А среди всех прочих, сидящих и стоящих, возвышаясь надо всеми на целую голову, стоит великан военный в великолепной серой шинели, туго перетянутой хорошим ремнем, в серой круглой военной шапке, как носил Александр Третий. Весь крупен, породист, блестящая коричневая борода лопатой, в руке в перчатке держит Евангелие.
На обратном пути слепит идущая прямо на солнце улица. Вдруг все приподнимаются и смотрят: сцена древней Москвы, картина Сурикова: толпа мужиков и баб в полушубках, окружившая мужика в армяке цвета ржаного хлеба и в красной телячьей шапке, который поспешно распрягает лежащую и бьющуюся на мостовой лошадь; громадные набитые соломой розвальни, оглобли которых она безобразно вывернула, падая, влезли на тротуар. Мужик орет всем нутром: «Ребят, подцоби!» Но никто не трогается.

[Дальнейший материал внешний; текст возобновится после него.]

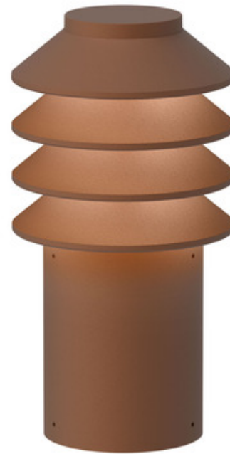
Shown in: Corten

The Bysted Outdoor Bollard features a symmetrical design with four rings to softly reflect light downwards. The underside of each ring is painted white for optimal reflection. Mounting options include: Spike Mount for use in soil or gravel. Spike mount bollards come pre-wired with a weatherproof 12 inch connector cable for above-ground use. Anchor Mounts are designed for use in new concrete pads and require professional below-ground cabling. Baseplate Mounts include a baseplate for securing the bollard to existing concrete or decks and are designed for use with professional below-ground cabling. Anchor and Baseplate fixtures include inputs for professional cabling. Note: All mounting options require an external 24V DC power supply (sold separately). 4000K lamp is not available with Corten finish.
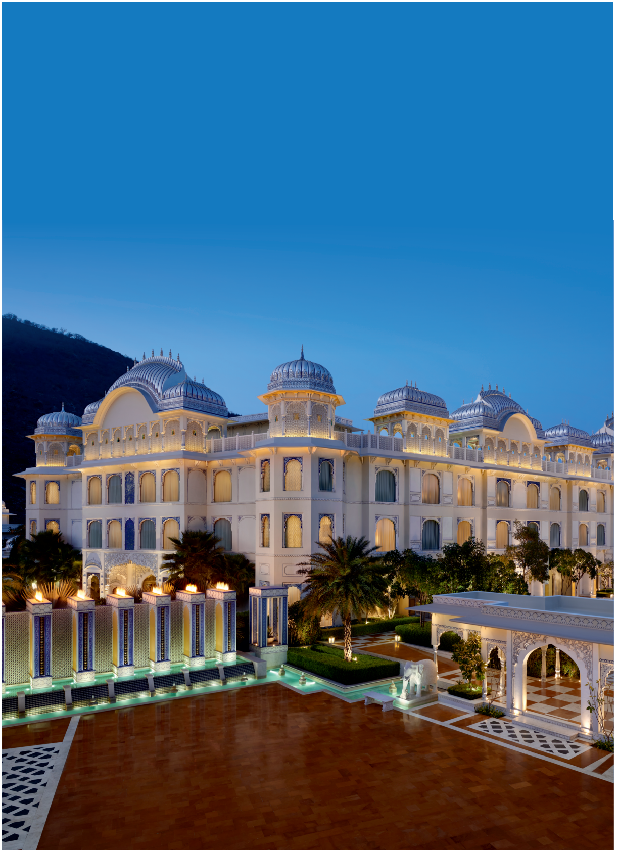
The Leela Palace Jaipur
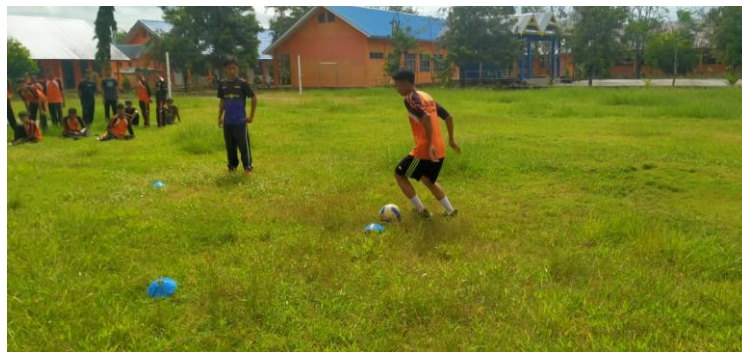
Gambar 14. Menggiring Bola
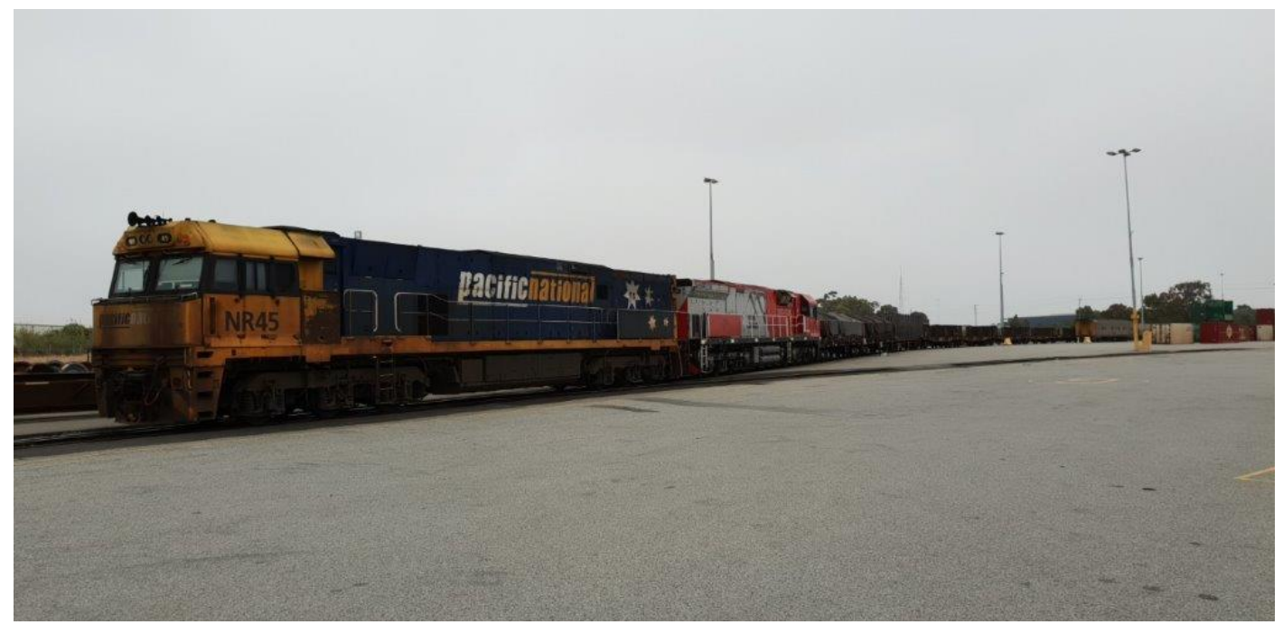
NR45 & MRL005 prepare to depart Kewdale with 7PX4, 17<sup>th</sup> November.
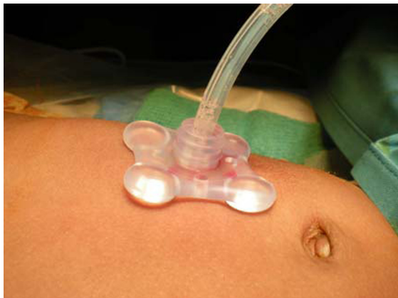
Figure 6 End result of single-incision gastrostomy insertion.

No additional sutures were created to secure the tube externally, as in percutaneous endoscopic gastrostomy.
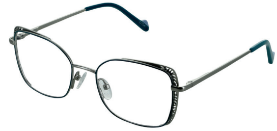
Silver & Teal
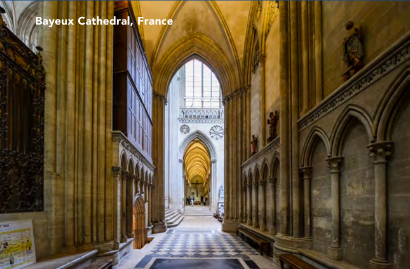
Bayeux Cathedral, France
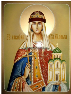
St Olga of Kyiv, pray for us.

We pray in the name of Jesus Christ, Amen.
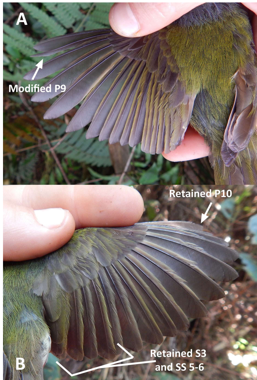
Figure 2. Definitive plumage of male and female Streak-necked Flycatchers ( Mionectes striaticollis ). Males in definitive basic plumage have a deeply notched ninth primary (A). Some females displayed a suspended molt retaining a variable number of secondaries (B). This female was originally banded in 2012 and was recaptured and photographed with the current molt pattern in 2014. 14 October 2014, Wayqecha; 5 November 2014, Wayqecha.

Definitive-plumage individuals showed uniformly dusky greater and primary coverts with bright yellow-green edging and a greenish wash. The upper mandible was jet black. Males and females were indistinguishable by plumage, and we were unable to use breeding criteria to distinguish between sexes.
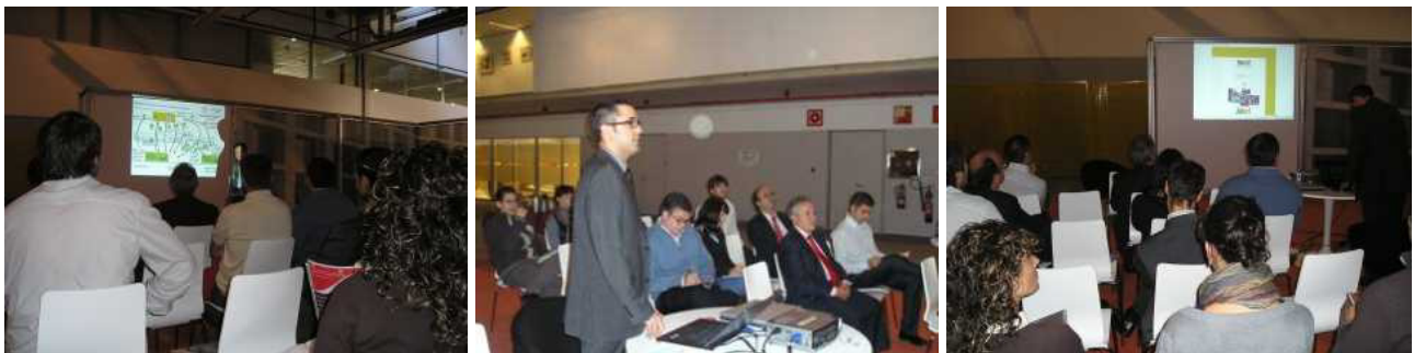
Fig. 1: Impressions from the presentation at Labein

The FLUID-WIN project results were presented at a workshop held at the LABEIN premises in Bilbao on 23 rd October 2008 with participation of several local companies and representatives from some industrial associations (fig. 1, table 4).
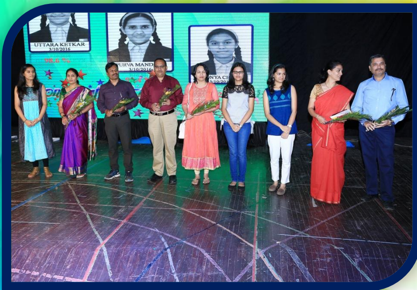
Felicitating of Std X Board Toppers

В шесть вышли. Встретили М. Говорит, что только что слышал, будто Кремль минируют, хотят взорвать при приходе немцев. Я как раз смотрел в это время на удивительное зеленое небо над Кремлем, на старое золото его древних куполов… Великие князья, терема, Спас-на-Бору, Архангельский собор — до чего все родное, кровное и только теперь как следует почувствованное, понятое! Взорвать? Все может быть. Теперь все возможно.
Слухи, через две недели будет монархия и правительство из Адрианова, Сандецкого и Мищенко; все лучшие гостиницы готовятся для немцев.
Эсеры будто бы готовят восстание. Солдаты будто бы на их стороне.
Была Каменская. Их выселяют, как и сотни прочих. Сроку дано всего 48 часов, а их квартиру и в неделю не соберешь.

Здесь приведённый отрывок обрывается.